That appears to work?

如果你对这篇内容有疑问,欢迎到本站社区发帖提问 参与讨论,获取更多帮助,或者扫码二维码加入 Web 技术交流群。

扫码二维码加入Web技术交流群

发布评论

需要 登录 才能够评论, 你可以免费 注册 一个本站的账号。

评论(1

殊姿 2024-12-15 03:57:36

解决这里问题的关键是将 url 列表存储在外部容器中,回调和主代码可以访问该列表,以便对它们进行所需的更改。为了记住您的网址位置,我们将在字符串中使用自定义标记。

请注意,如果您不能使用 php,要访问容器,我使用 闭包 5.3 出于某种原因,您需要将它们替换为另一种从回调中访问 $url_tokens 容器的方法,这应该不是问题。

<?php
// the string you start with

$string = "my sentence contains URLs to http://stackoverflow.com/questions/7619843/php-preg-replace-call-extract-specific-values-for-later-reinsertion and http://www.google.com/ which makes my life difficult.";

// the url container, you will store the urls found here

$url_tokens = array();

// the callback for the first replace, will take all urls, store them in $url_tokens, then replace them with [[URL::X]] with X being an unique number for each url
//
// note that the closure use $url_token by reference, so that we can add entries to it from inside the function

$callback = function ($matches) use (&$url_tokens) {
  static $token_iteration = 0;

  $token = '[[URL::'.$token_iteration.']]';

  $url_tokens[$token_iteration] = $matches;

  $token_iteration++;

  return $token;
};

// replace our urls with our callback

$pattern = '/(((?:https?|ftps?)\:\/\/)?([a-zA-Z0-9:]*[@])?([a-zA-Z0-9\-\.]+\.[a-zA-Z]{2,3}|([0-9]+))([a-zA-Z0-9-._?,\'\/\+&%\$#\=~:]+)?)/';

$string = preg_replace_callback($pattern, $callback, $string);

// some debug code to check what we have at this point

var_dump($url_tokens);
var_dump($string);

// you can do changes to the url you found in $url_tokens here

// now we will replace our previous tokens with a specific string, just as an exemple of how to re-replace them when you're done

$callback_2 = function ($matches) use ($url_tokens) {
  $token = $matches[0];
  $token_iteration = $matches[1];

  if (!isset($url_tokens[$token_iteration])) {
    // if we don't know what this token is, leave it untouched
    return $token;
  }

  return '- there was an url to '.$url_tokens[$token_iteration][4].' here -';
};

$string = preg_replace_callback('/\[\[URL::([0-9]+)\]\]/', $callback_2, $string);

var_dump($string);

执行时给出以下结果:

// the $url_tokens array after the first preg_replace_callback
array(2) {
  [0]=>
  array(7) {
    [0]=>
    string(110) "http://stackoverflow.com/questions/7619843/php-preg-replace-call-extract-specific-values-for-later-reinsertion"
    [1]=>
    string(110) "http://stackoverflow.com/questions/7619843/php-preg-replace-call-extract-specific-values-for-later-reinsertion"
    [2]=>
    string(7) "http://"
    [3]=>
    string(0) ""
    [4]=>
    string(17) "stackoverflow.com"
    [5]=>
    string(0) ""
    [6]=>
    string(86) "/questions/7619843/php-preg-replace-call-extract-specific-values-for-later-reinsertion"
  }
  [1]=>
  array(7) {
    [0]=>
    string(22) "http://www.google.com/"
    [1]=>
    string(22) "http://www.google.com/"
    [2]=>
    string(7) "http://"
    [3]=>
    string(0) ""
    [4]=>
    string(14) "www.google.com"
    [5]=>
    string(0) ""
    [6]=>
    string(1) "/"
  }
}
// the $string after the first preg_replace_callback
string(85) "my sentence contains URLs to [[URL::0]] and [[URL::1]] which makes my life difficult."
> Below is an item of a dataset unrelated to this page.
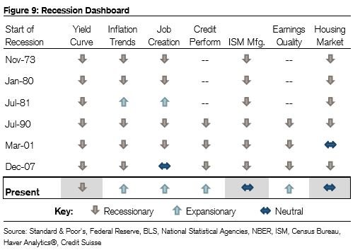 Last week, the U.S. bond yield curve inverted, a phenomenon that historically presages a recession. That was the only one of the seven major indicators Credit Suisse tracks to signal a downturn. In past recessions, indicators like inflation trends, job creation, credit performance, ISM manufacturing, earnings quality and the housing market were all showing weakness.
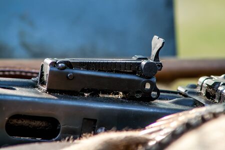 military weapon machine gun with ammunition closeup

// the $string after the second replace
string(154) "my sentence contains URLs to - there was an url to stackoverflow.com here - and - there was an url to www.google.com here - which makes my life difficult."

The key to solving your problem here is to store the urls list in an outside container than can be accessed by your callbacks and by your main code to do the changes you need on them. To remember your urls positions, we will use a custom token in the string.

Note that to access the container I use closures, if you can't use php 5.3 for some reason you will need to replace them with another way to access the $url_tokens container from within the callback, which shouldn't be a problem.

<?php
// the string you start with

$string = "my sentence contains URLs to http://stackoverflow.com/questions/7619843/php-preg-replace-call-extract-specific-values-for-later-reinsertion and http://www.google.com/ which makes my life difficult.";

// the url container, you will store the urls found here

$url_tokens = array();

// the callback for the first replace, will take all urls, store them in $url_tokens, then replace them with [[URL::X]] with X being an unique number for each url
//
// note that the closure use $url_token by reference, so that we can add entries to it from inside the function

$callback = function ($matches) use (&$url_tokens) {
  static $token_iteration = 0;

  $token = '[[URL::'.$token_iteration.']]';

  $url_tokens[$token_iteration] = $matches;

  $token_iteration++;

  return $token;
};

// replace our urls with our callback

$pattern = '/(((?:https?|ftps?)\:\/\/)?([a-zA-Z0-9:]*[@])?([a-zA-Z0-9\-\.]+\.[a-zA-Z]{2,3}|([0-9]+))([a-zA-Z0-9-._?,\'\/\+&%\$#\=~:]+)?)/';

$string = preg_replace_callback($pattern, $callback, $string);

// some debug code to check what we have at this point

var_dump($url_tokens);
var_dump($string);

// you can do changes to the url you found in $url_tokens here

// now we will replace our previous tokens with a specific string, just as an exemple of how to re-replace them when you're done

$callback_2 = function ($matches) use ($url_tokens) {
  $token = $matches[0];
  $token_iteration = $matches[1];

  if (!isset($url_tokens[$token_iteration])) {
    // if we don't know what this token is, leave it untouched
    return $token;
  }

  return '- there was an url to '.$url_tokens[$token_iteration][4].' here -';
};

$string = preg_replace_callback('/\[\[URL::([0-9]+)\]\]/', $callback_2, $string);

var_dump($string);

Which give this result when executed:

// the $url_tokens array after the first preg_replace_callback
array(2) {
  [0]=>
  array(7) {
    [0]=>
    string(110) "http://stackoverflow.com/questions/7619843/php-preg-replace-call-extract-specific-values-for-later-reinsertion"
    [1]=>
    string(110) "http://stackoverflow.com/questions/7619843/php-preg-replace-call-extract-specific-values-for-later-reinsertion"
    [2]=>
    string(7) "http://"
    [3]=>
    string(0) ""
    [4]=>
    string(17) "stackoverflow.com"
    [5]=>
    string(0) ""
    [6]=>
    string(86) "/questions/7619843/php-preg-replace-call-extract-specific-values-for-later-reinsertion"
  }
  [1]=>
  array(7) {
    [0]=>
    string(22) "http://www.google.com/"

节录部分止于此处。